------ DATA SHOWN ------

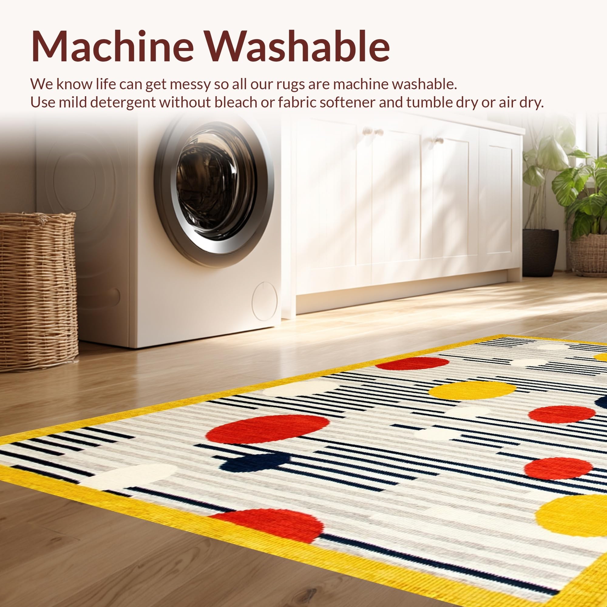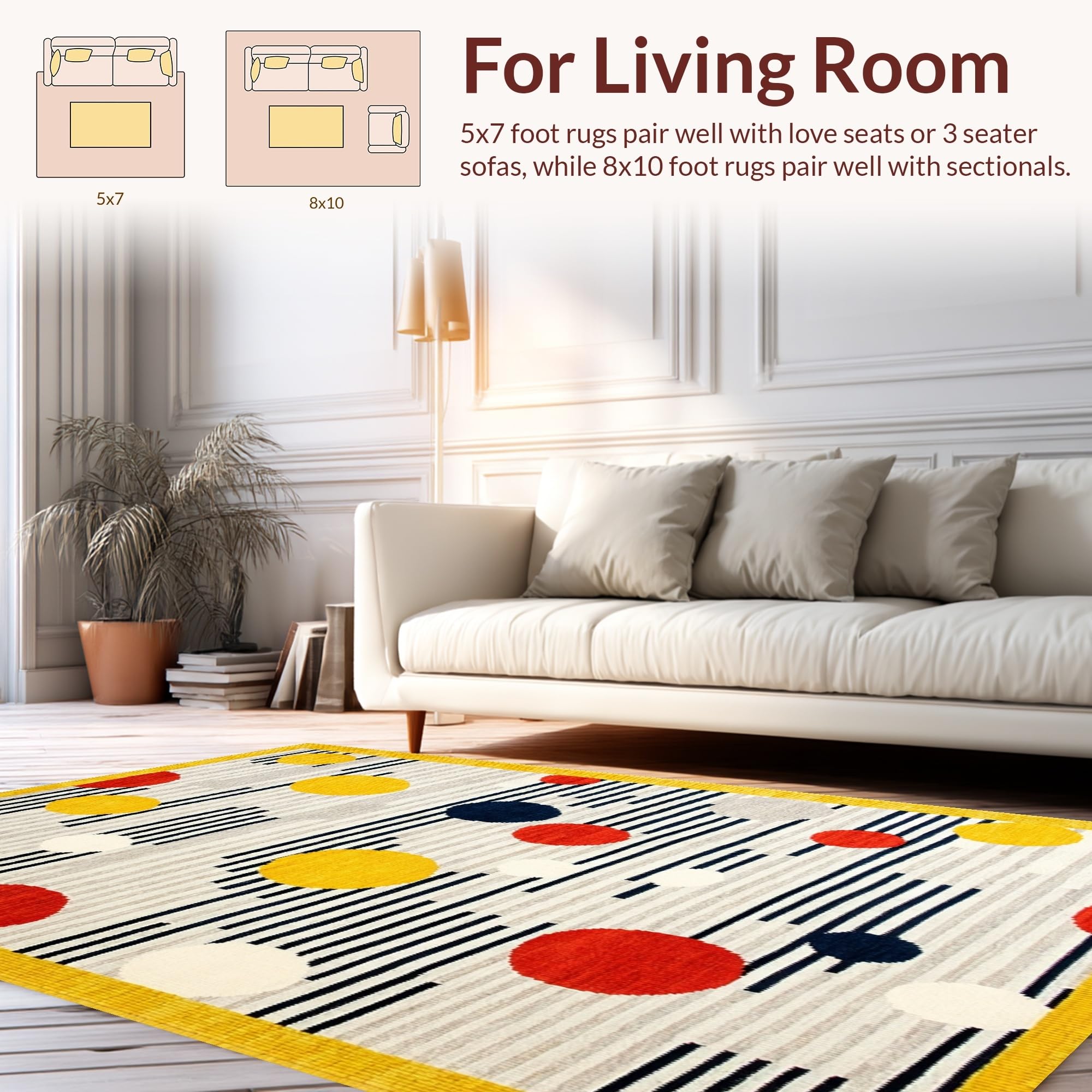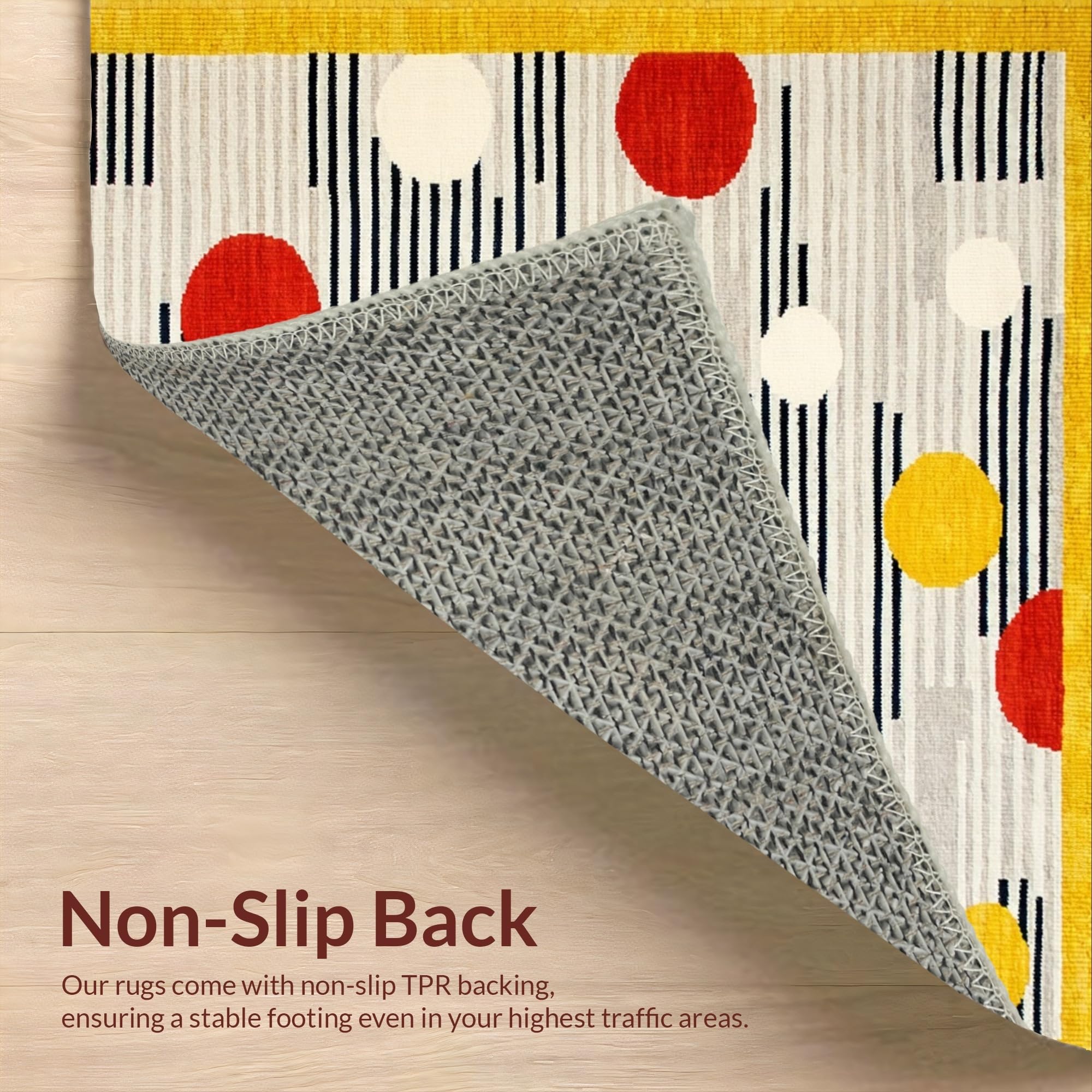 Ultra Soft Area Rug, Non Slip, Stain Resistant, Washable Area Rugs for Living Room, Bedroom, Whimsical Multi-Colored Polka Dot Delight(Yellow) Overview:
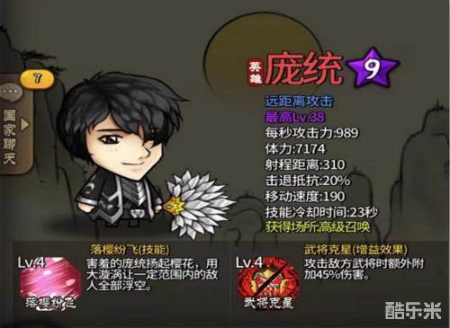 英雄庞统的官方定位是擅长远距离攻击,远距离攻击的武将主要体现在射程距离和移动速度,我们可以了解到庞统体力为7174,射程距离为310,移动速度为190,技能冷却时间为23秒。技能【落樱纷飞】害羞的庞统扬起樱花,用大漩涡让一定范围内的敌人全部悬空。增益效果【武将克星】攻击敌方武将时额外附加45%伤害。这其中,增益效果可以附带45%的伤害给予敌方武将,同时加上我军士兵的围攻,攻击敌方武将可以说是事半功倍。
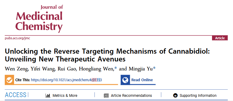 2024年8月2日,taptap点点体育于明加副研究员和温鸿亮副教授带领的团队在国际权威期刊Journal of Medicinal Chemistry发表了题为“Unlocking the Reverse Targeting Mechanisms of Cannabidiol: Unveiling New Therapeutic Avenues”的研究论文(DOI: 10.1021/acs.jmedchem.4c01353)。该团队在针对大麻二酚分子机制的深入研究中取得了重要进展,特别是其作为部分激动剂与GPR18靶点蛋白相互作用方面的新发现。这一成果不仅加深了我们对大麻二酚生物活性的理解,也为未来基于大麻二酚的新型药物的开发奠定了理论基础。
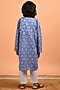Cobalt Blue Floral Printed Kurta Set For Boys
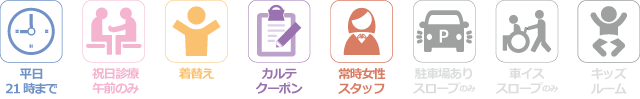土曜9:00 – 17:00 祝日9:00 – 13:30 休診日 :日曜
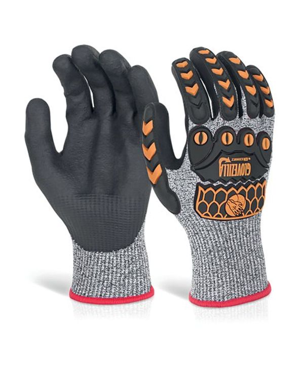 Beeswift Glovezilla Nitrile Palm Coated Gloves PVC back of Hand Protection 1Pr Grey Large GZ04GYL
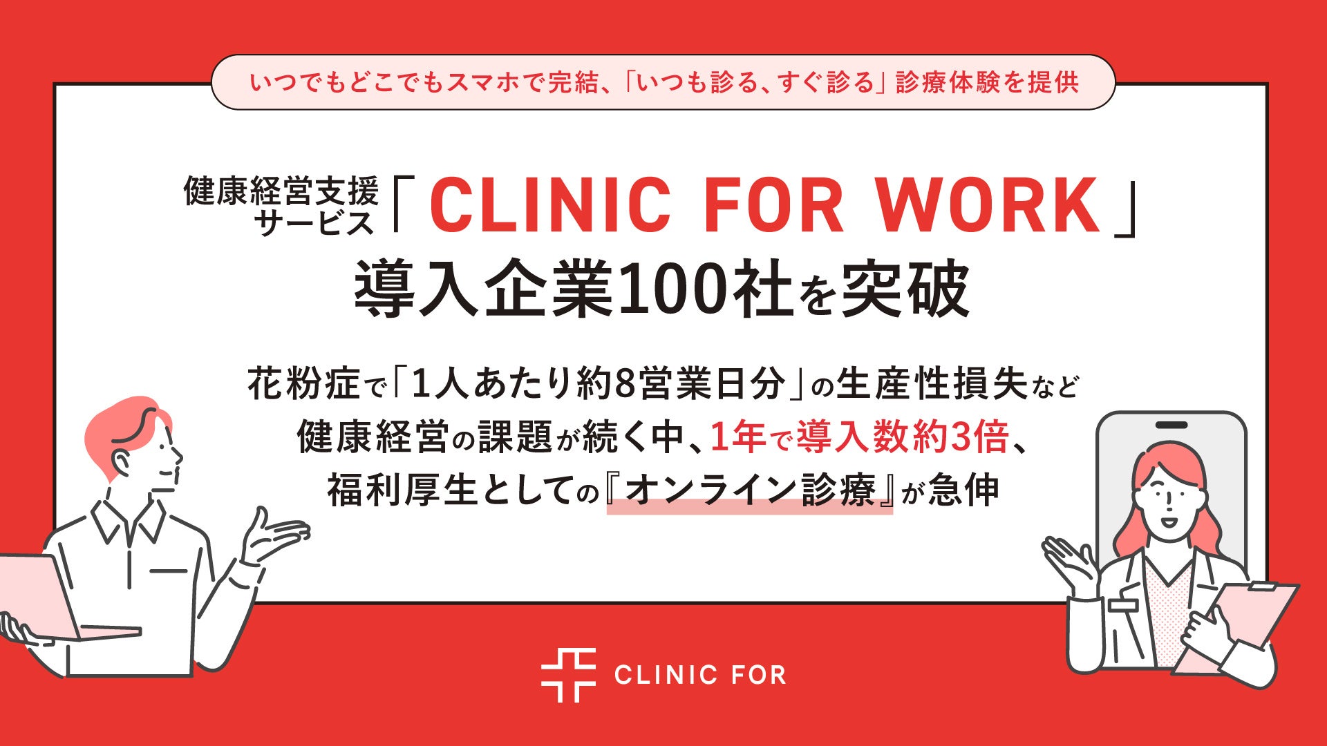対面診療と、オンライン診療を展開するクリニックフォアグループ(以下、クリニックフォア)が提供する、企業向け健康経営支援サービス「CLINIC FOR WORK」は、1年で導入企業が3倍に拡大し、2026年3月に導入企業が100社を突破しました。※2
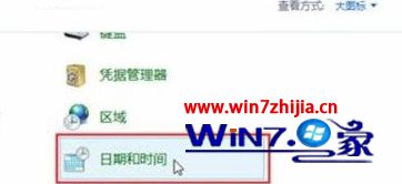 2、在控制面板中的查看方式修改为“大图片”,然后打开日期和时间;
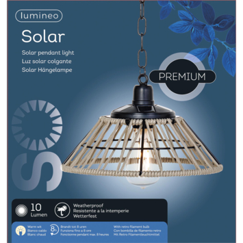 Hang deze leuke buitenlamp in een boom of boven je eettafel in de tuin. De hanglamp is gemaakt van metaal met rotan. Met het geintegreerde solar systeem kan de lamp voor 8 uur branden. Het aanloopsnoer van de lamp is 50cm waardoor je hem gemakkelijk op kunt hangen. De hanglamp is verkrijgbaar in rotan zwart en naturel.
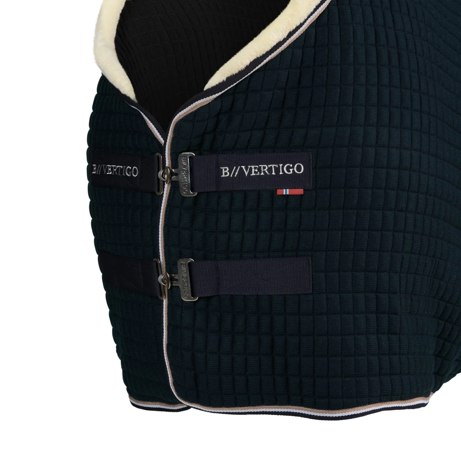 The B Vertigo Dylan rug is designed with a soft faux fur collar to add warmth and comfort. Square quilting stores the temperature perfectly. T-buckles in the front open and close safely, and X-surcingles and tail cord keep the rug in place. B Vertigo embroidery adds another elegant feature.
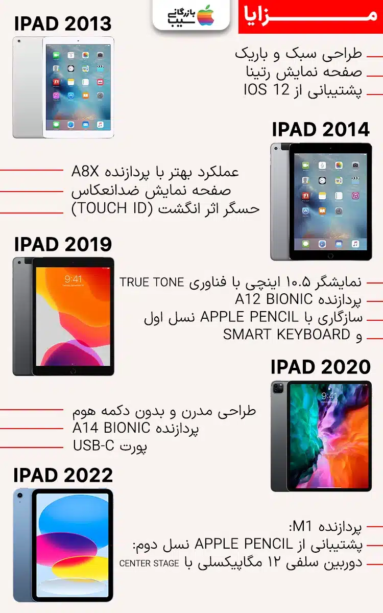اپل تاکنون چندین نسل از آیپد ایر را معرفی کرده که هرکدام نسبت به نسخه‌های قبلی، ارتقاهای قابل‌توجهی را ارائه داده‌اند. در ادامه، نگاهی به مدل‌های مختلف آیپد ایر و ویژگی‌های برجسته آن‌ها خواهیم داشت.
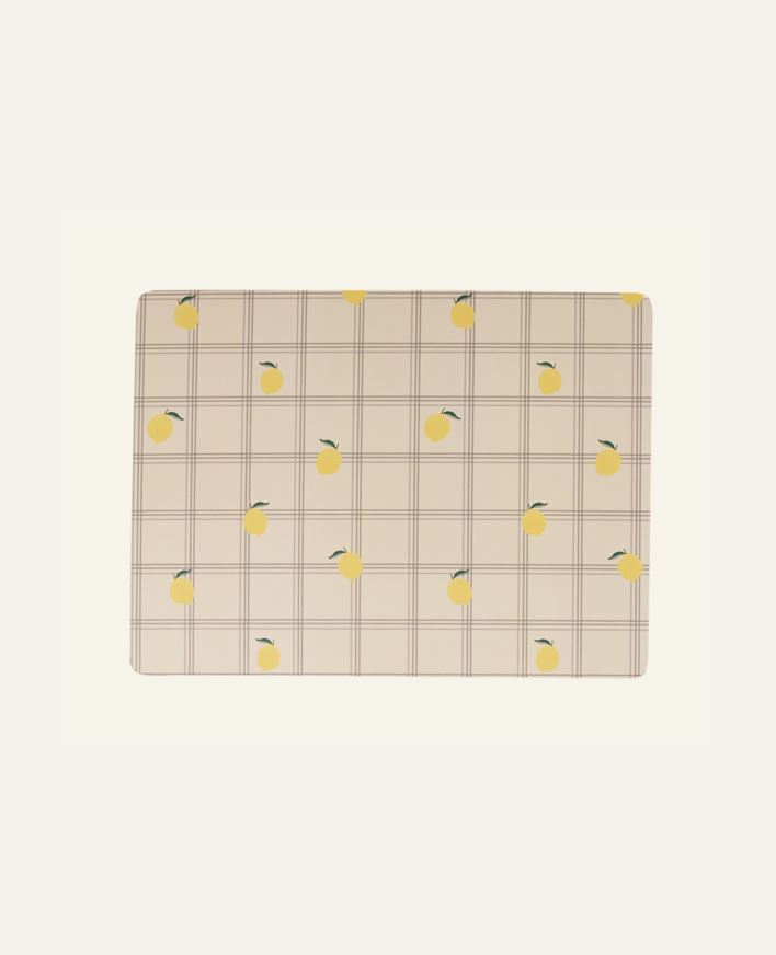 MDF- ja korkkimateriaalia oleva pöytätabletti, jossa on keväinen sitruunakuvio. Helppo puhdistaa kostealla liinalla.

------

=== EXERCISE DETAILS ===
Leave the pictures out and return the rest of the material exactly.

=== REPLY TO THE EXERCISE ===
 Ultra Soft Area Rug, Non Slip, Stain Resistant, Washable Area Rugs for Living Room, Bedroom, Whimsical Multi-Colored Polka Dot Delight(Yellow) Overview:
 英雄庞统的官方定位是擅长远距离攻击,远距离攻击的武将主要体现在射程距离和移动速度,我们可以了解到庞统体力为7174,射程距离为310,移动速度为190,技能冷却时间为23秒。技能【落樱纷飞】害羞的庞统扬起樱花,用大漩涡让一定范围内的敌人全部悬空。增益效果【武将克星】攻击敌方武将时额外附加45%伤害。这其中,增益效果可以附带45%的伤害给予敌方武将,同时加上我军士兵的围攻,攻击敌方武将可以说是事半功倍。
 2024年8月2日,taptap点点体育于明加副研究员和温鸿亮副教授带领的团队在国际权威期刊Journal of Medicinal Chemistry发表了题为“Unlocking the Reverse Targeting Mechanisms of Cannabidiol: Unveiling New Therapeutic Avenues”的研究论文(DOI: 10.1021/acs.jmedchem.4c01353)。该团队在针对大麻二酚分子机制的深入研究中取得了重要进展,特别是其作为部分激动剂与GPR18靶点蛋白相互作用方面的新发现。这一成果不仅加深了我们对大麻二酚生物活性的理解,也为未来基于大麻二酚的新型药物的开发奠定了理论基础。
Cobalt Blue Floral Printed Kurta Set For Boys
土曜9:00 – 17:00 祝日9:00 – 13:30 休診日 :日曜
 Beeswift Glovezilla Nitrile Palm Coated Gloves PVC back of Hand Protection 1Pr Grey Large GZ04GYL
対面診療と、オンライン診療を展開するクリニックフォアグループ(以下、クリニックフォア)が提供する、企業向け健康経営支援サービス「CLINIC FOR WORK」は、1年で導入企業が3倍に拡大し、2026年3月に導入企業が100社を突破しました。※2
 2、在控制面板中的查看方式修改为“大图片”,然后打开日期和时间;
 Hang deze leuke buitenlamp in een boom of boven je eettafel in de tuin. De hanglamp is gemaakt van metaal met rotan. Met het geintegreerde solar systeem kan de lamp voor 8 uur branden. Het aanloopsnoer van de lamp is 50cm waardoor je hem gemakkelijk op kunt hangen. De hanglamp is verkrijgbaar in rotan zwart en naturel.
 The B Vertigo Dylan rug is designed with a soft faux fur collar to add warmth and comfort. Square quilting stores the temperature perfectly. T-buckles in the front open and close safely, and X-surcingles and tail cord keep the rug in place. B Vertigo embroidery adds another elegant feature.
اپل تاکنون چندین نسل از آیپد ایر را معرفی کرده که هرکدام نسبت به نسخه‌های قبلی، ارتقاهای قابل‌توجهی را ارائه داده‌اند. در ادامه، نگاهی به مدل‌های مختلف آیپد ایر و ویژگی‌های برجسته آن‌ها خواهیم داشت.
 MDF- ja korkkimateriaalia oleva pöytätabletti, jossa on keväinen sitruunakuvio. Helppo puhdistaa kostealla liinalla.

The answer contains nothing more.